Plaintiff appeals as of right from the trial court order denying his motion to amend his complaint and granting defendants’ motion for summary disposition pursuant to MCR 2.116(C)(5) based on lack of standing. We affirm. This appeal is being decided without oral argument pursuant to MCR 7.214(E).
Plaintiffs complaint alleged that on December 28, 2000, defendant Kevin Paperd was operating an automobile that was owned by one or more of the remaining defendants when he negligently struck plaintiffs vehicle, causing plaintiff to suffer a serious impairment of an important body function and/or serious permanent disfigurement. Defendants sought summary disposition pursuant to MCR 2.116(C)(5), contending that plaintiff was not the real party in interest and lacked standing to sue. Defendants alleged that plaintiff had filed a petition for bankruptcy under Chapter 7 of the United States Bankruptcy Code [11 USC 701 et s eq.\ on March 6, 2002, and that all of plaintiffs rights regarding the December 28, 2000, accident were therefore transferred to the bankruptcy trustee, who was the sole party who could pursue the lawsuit.

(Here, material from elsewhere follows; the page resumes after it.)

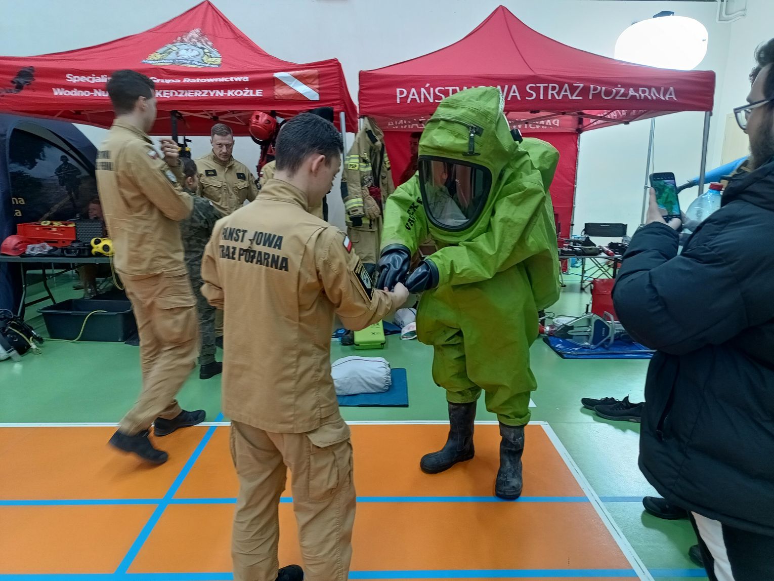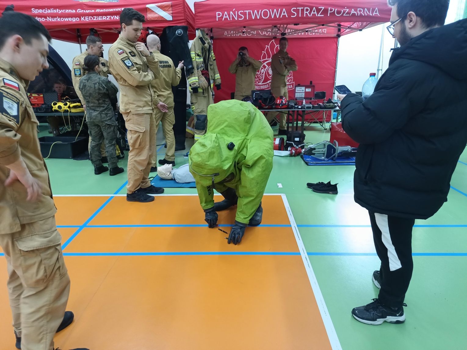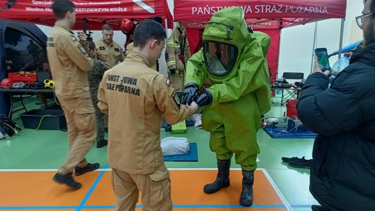 Dzisiaj znajdujemy się na Hali Sportowej Śródmieście w Kędzierzynie-Koźlu, gdzie po raz kolejny organizowana jest edycja mundurowych targów pracy pod nazwą spotkanie z mundurem. Po raz kolejny nie zabrakło stanowisk Państwowej Straży Pożarnej specjalistycznej grupy ratownictwa chemiczno-ekologicznego czy też specjalistycznej grupy ratownictwa wodno-nurkowego. Prowadzimy również instruktaż pierwszej pomocy, a także jest tu po raz pierwszy stoisko związane z profilaktyką szeroko rozumianych zagrożeń, których źródłem jest tlenek węgla. Dlatego też prowadzimy instruktaż montażu czujników tlenku węgla i czujników dymu. Na naszych stoiskach przekazujemy również informacje jak można się dostać do służby w straży pożarnej czy to z naboru z ulicy czy przez szkoły pożarnicze w Polsce. - powiedział starszy kapitan Piotr Krok, rzecznik prasowy Komendy Powiatowej Państwowej Straży Pożarnej w Kędzierzynie-Koźlu.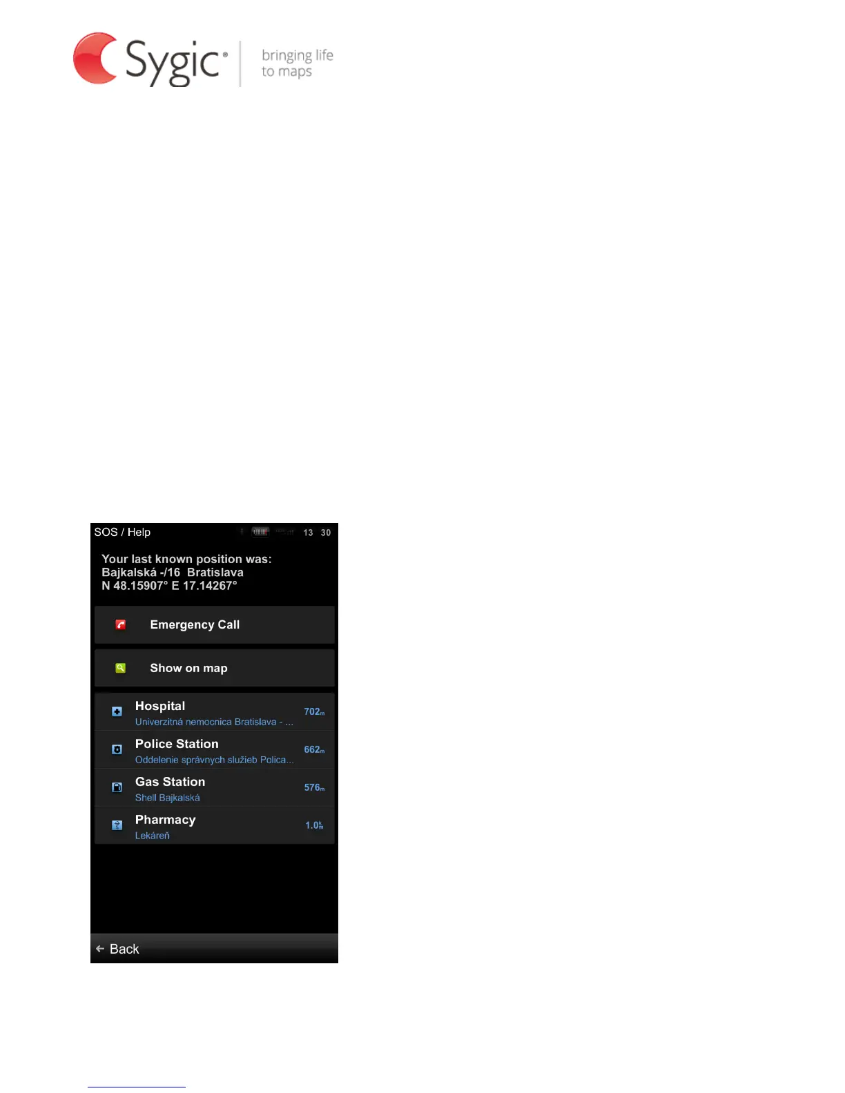 from you. Tap on item to call up Action menu with action such as Drive there,

[105]*105In response, plaintiff filed a motion for leave to file an amended complaint in order to correct the “misidentification” of the named plaintiff. Plaintiff stated that Wendy Turner Lewis, the trustee for his bankruptcy estate, had authorized plaintiffs counsel to file a complaint on behalf of the bankruptcy estate, and that counsel, through no fault of plaintiff or Lewis, had misidentified the plaintiff.
The trial court entered an order denying as futile plaintiffs motion to amend and granting defendants’ motion for summary disposition, stating:
“There is no dispute the real party in interest is the bankruptcy trustee, not Plaintiff. Thus, the issue is whether Plaintiff should be granted leave to amend to add the bankruptcy trustee.
“Under MCR 2.118(A)(2), leave to amend pleadings should be freely given when justice so requires. Leave to amend should be denied only for particularized reasons, such as undue delay, bad faith or dilatory motive on the movant’s part, repeated failure to cure deficiencies by amendment previously allowed, undue prejudice to the opposing party, or where amendment would be futile. Ben [P] Fyke & Sons v Gunter [Co], 390 Mich 649; 213 NW2d 134 (1973). In [Employers Mut Cas Co v Petroleum Equipment, Inc, 190 Mich App 57, 63; 475 NW2d 418 (1991)], the court held that ‘Although an amendment generally relates back to the date of the original filing if the new claim asserted arises out of the conduct, transaction, or occurrence set forth in the original pleading, MCR 2.118(D), the relation-back doctrine does not extend to the addition of new parties.’
“The court is satisfied that because the bankruptcy trustee was the real party in interest prior to the filing of the Complaint, this is a motion to add a party and is not merely a request to correct a misnomer. Thus, the court finds that based on the binding precedent in Employers, the amendment would be futile as the addition of the new party cannot relate back to the original Complaint.”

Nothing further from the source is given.